2019 was another solid year for our IPS business. We provided forward guidance for our shareholders for the first time in respect of 2019, stating our commitment to achieving mid to high single-digit growth. In that context, I am pleased to report revenue growth of 7.5%7 and an increase in earnings per share of 8.5%. We have been able to achieve this despite a difficult market backdrop, with continued Brexit uncertainty, fears of globally escalating trade wars and reduced levels of investment banking activity, all of which have negatively affected our capital markets facing businesses.

 

Work continues to lay the foundations for future growth. We are confident that we are still at the early stages of growth and believe we can continue to grow our revenue and earnings significantly over time. The belief in this growth was a key factor in the determination of an increased dividend to shareholders. Our aim is for our IPS business again to deliver mid to high single-digit growth for our investors over the course of 2020.

 

As we continue to drive growth and improve the transparency of the nature and operations of our business, we are starting to see the investor community pay increasing attention value to this business.

 

The capital valuation of the business has increased by 21.0% over the course of 2019. We are confident that this unique business can continue to support both of our objectives of long-term capital growth and steadily increasing income.

 

Your Company's Board

Having welcomed Katie Thorpe our Chief Financial Officer to the Board from 1 January 2019, we were delighted to appoint Claire Finn to the Board on 2 September 2019. Claire has in-depth knowledge of the UK asset management, pensions and insurance landscape, having had a career spanning over 18 years in financial services. We have a Board which is diverse in terms of its skill set and is well placed to guide your Company going forwards.

 

Report and accounts

Following the modernisation of the look and feel of the report and accounts in 2018, we have continued to evolve and improve our disclosure to investors. You will find numerous points of enhanced disclosure throughout this document, including an expansion of our thought process around Environmental, Social, and Governance (ESG), additional disclosure on the investment rationale behind our largest investments and improved reporting on our IPS business and how we calculate its value. In response to shareholder feedback, we will be publishing a full portfolio listing every month, rather than simply publishing our top 10 investments.
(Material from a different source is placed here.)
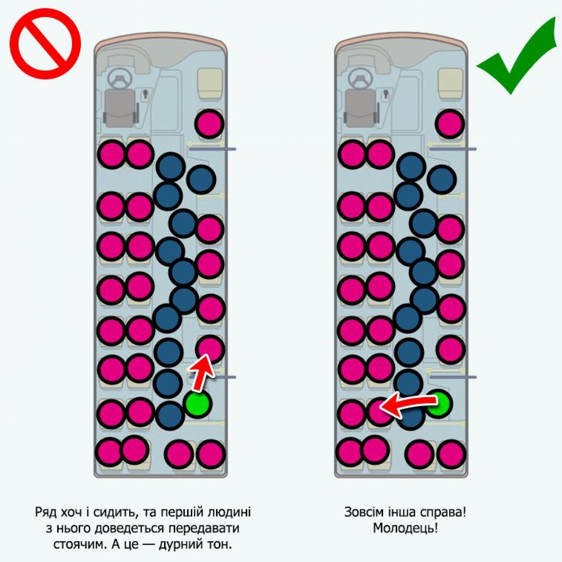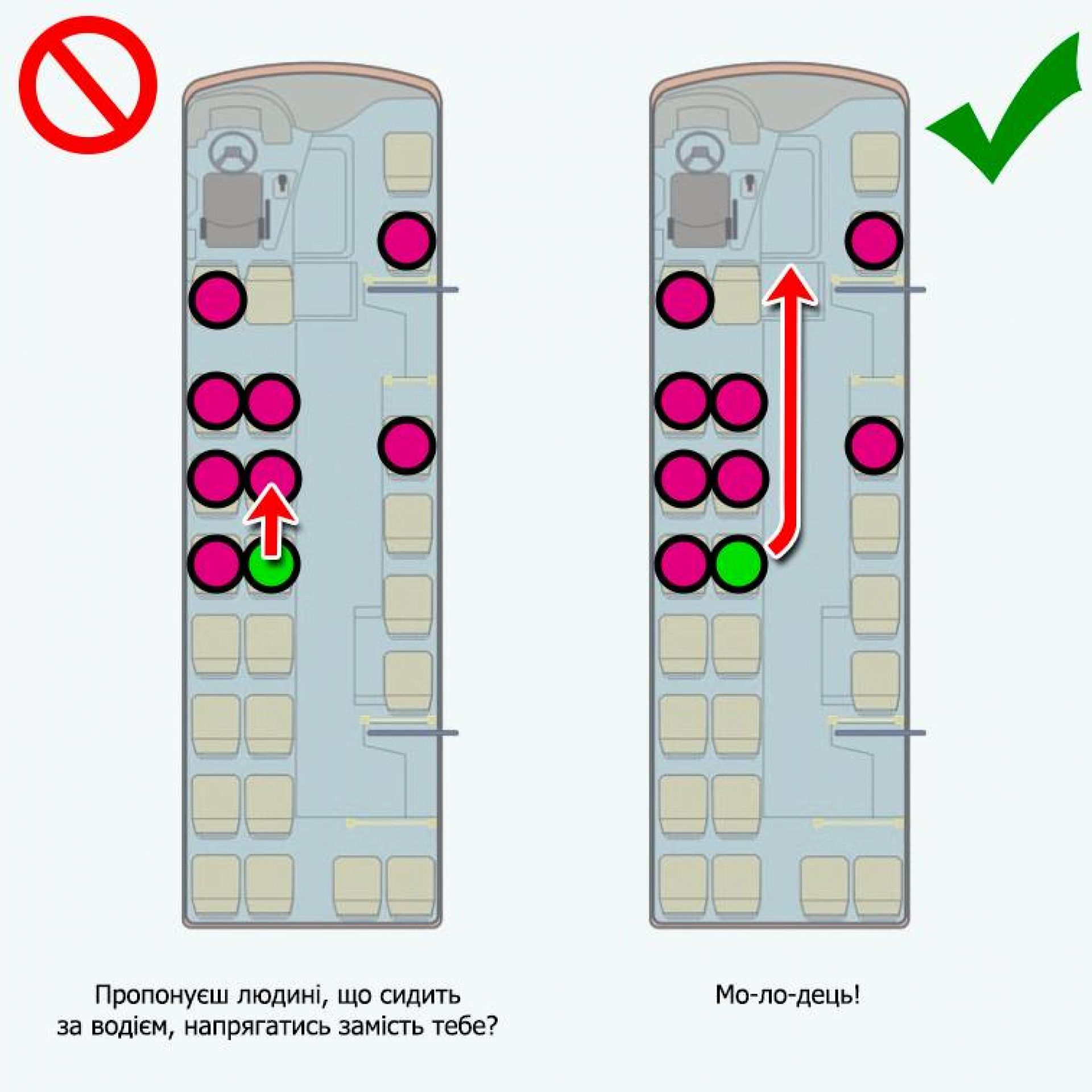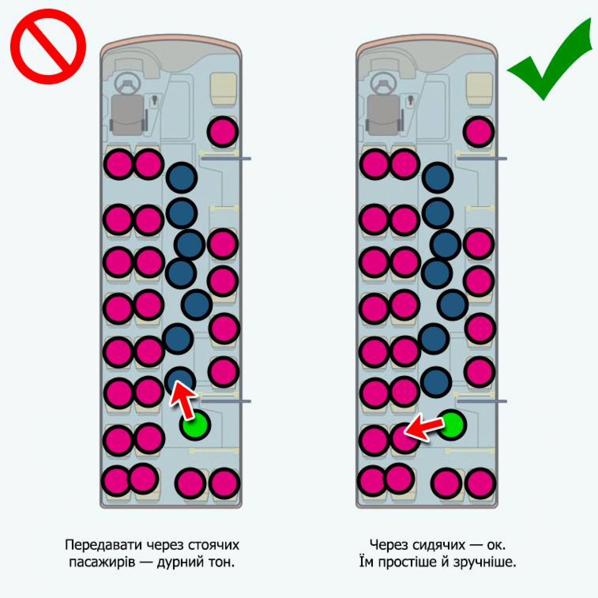 Схеми розроблені в залежності від положення «того, що дає за проїзд» й різного ступеня наповнення маршрутки.

We aim to continue to evolve our reporting into 2020 and beyond.

 

Looking forwards

For our investment portfolio, James and Laura remain net investors into the market on days of weakness, using their disciplined and contrarian approach to identify stocks with strong fundamentals currently overlooked by the market.

 

For our IPS business, we believe we remain in the early stages of a re-invigorated growth cycle and that there is great value to be created for our shareholders as we remain focussed on growing our revenues while controlling our cost base.

 

Robert Hingley

Chairman

26 February 2020

 

1 Calculated on a total return basis with debt at fair value

2 Calculated on a total return basis assuming dividend re-investment between 31 December 2009 and 31 December 2019

3 Source: Bloomberg, total return analysis from first available data point on Bloomberg of Law Debenture NAV (measured ex income with debt at par) as at 1 February 1994, measured to 31 December 2019. FTSE Actuaries All Share Total Return measured over the same performance period. Bloomberg data includes the adjustment to the fair value of the investment trust in respect of the IPS business from 29 February 2016

4 Calculated on an annualised basis on dividend payments in respect of accounting years between 1 January 2010 and 31 December 2019

5 Calculated based on dividends paid in respect of the financial years between 2010 and 2019

6 Law Debenture's on-going charges of 0.48% has been calculated based on guidance provided by the AIC and includes the Janus Henderson management fee of 0.3% of the NAV of the investment trust. There is no performance related element to the fee. The average on-going charges ratio for UK investment trusts of 1.04% as at 31 December 2019 has been sourced from the AIC website

7 Revenue growth for the IPS business for 2019, after the deduction of costs of sales, which comprises solely of legal fees that we incur on behalf of and then recharge to clients

 

Chief Executive Officer's review

 

Introduction

As you have heard from our Chairman, at the core of Law Debenture's financial objectives are two keys aims, the first is to achieve long-term capital growth, the second is to steadily increase income for our shareholders. Our investment portfolio appreciated by over £100m in 2019, our investment portfolio income increased by 25.9% and the earnings per share generated by our IPS business has increased by 8.5% showing significant progress across all of those metrics.

 

Our investment trust

The strength of our investment return continues to build. As CEO of the Group, I see the enormous benefit for our shareholders in the long-term partnership between James Henderson and Laura Foll of Janus Henderson Investors. I take great comfort in observing the passion James and Laura have for the portfolio. As we step up our efforts to meet investors, they speak with great clarity and conviction around their investment thesis, coupled with a depth of long-term understanding about the companies in which we invest.

 

Over the past three quarters of 2019, their confidence in the attractive valuation opportunities within the UK market could have been considered by many as a contrarian play, in light of continued uncertainties over Brexit and the uncertain outcome of the general election. Ultimately the judgement to reposition the portfolio by reducing certain overseas holdings and increasing leverage proved profitable for shareholders in 2019. While not every call will be right, their depth of knowledge and experience continue to deliver outstanding results for our shareholders year on year. I would like on behalf of our Board, to extend our sincere thanks to James and Laura for the expert way in which they continue to guide the portfolio.

 

Our independent professional services business (IPS)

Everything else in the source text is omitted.